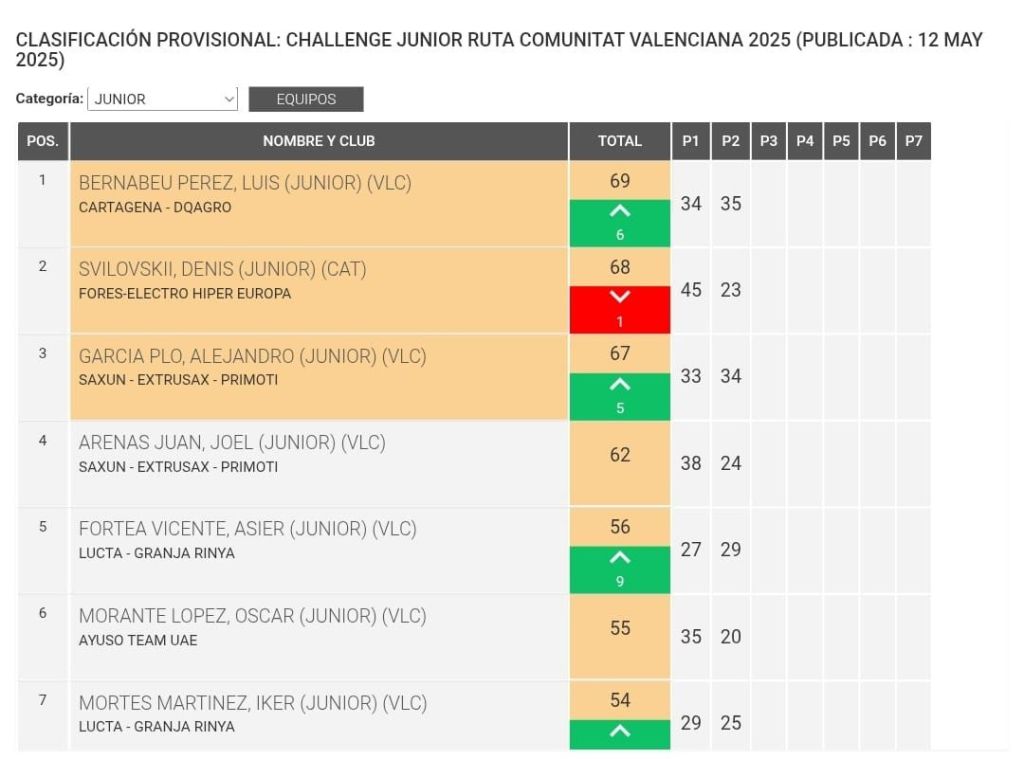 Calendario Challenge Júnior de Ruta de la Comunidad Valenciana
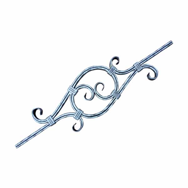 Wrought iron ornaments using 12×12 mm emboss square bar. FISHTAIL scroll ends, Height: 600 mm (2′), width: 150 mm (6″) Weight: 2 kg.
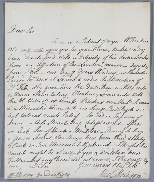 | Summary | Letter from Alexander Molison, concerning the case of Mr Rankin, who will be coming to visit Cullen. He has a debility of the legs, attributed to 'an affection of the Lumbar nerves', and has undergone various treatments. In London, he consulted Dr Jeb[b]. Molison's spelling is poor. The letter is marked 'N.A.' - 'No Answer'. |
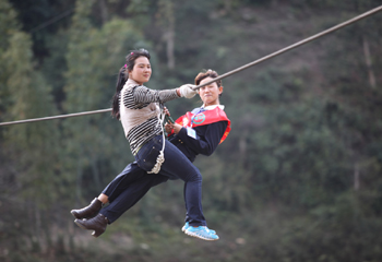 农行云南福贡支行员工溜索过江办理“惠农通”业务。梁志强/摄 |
___
_Work instruction:_ Working from the line containing "Wrought iron ornaments" to the last line of the data, retype every line exactly, both ends included, and leave out all pictures.

_Task response:_
 Wrought iron ornaments using 12×12 mm emboss square bar. FISHTAIL scroll ends, Height: 600 mm (2′), width: 150 mm (6″) Weight: 2 kg.
 | Summary | Letter from Alexander Molison, concerning the case of Mr Rankin, who will be coming to visit Cullen. He has a debility of the legs, attributed to 'an affection of the Lumbar nerves', and has undergone various treatments. In London, he consulted Dr Jeb[b]. Molison's spelling is poor. The letter is marked 'N.A.' - 'No Answer'. |
 农行云南福贡支行员工溜索过江办理“惠农通”业务。梁志强/摄 |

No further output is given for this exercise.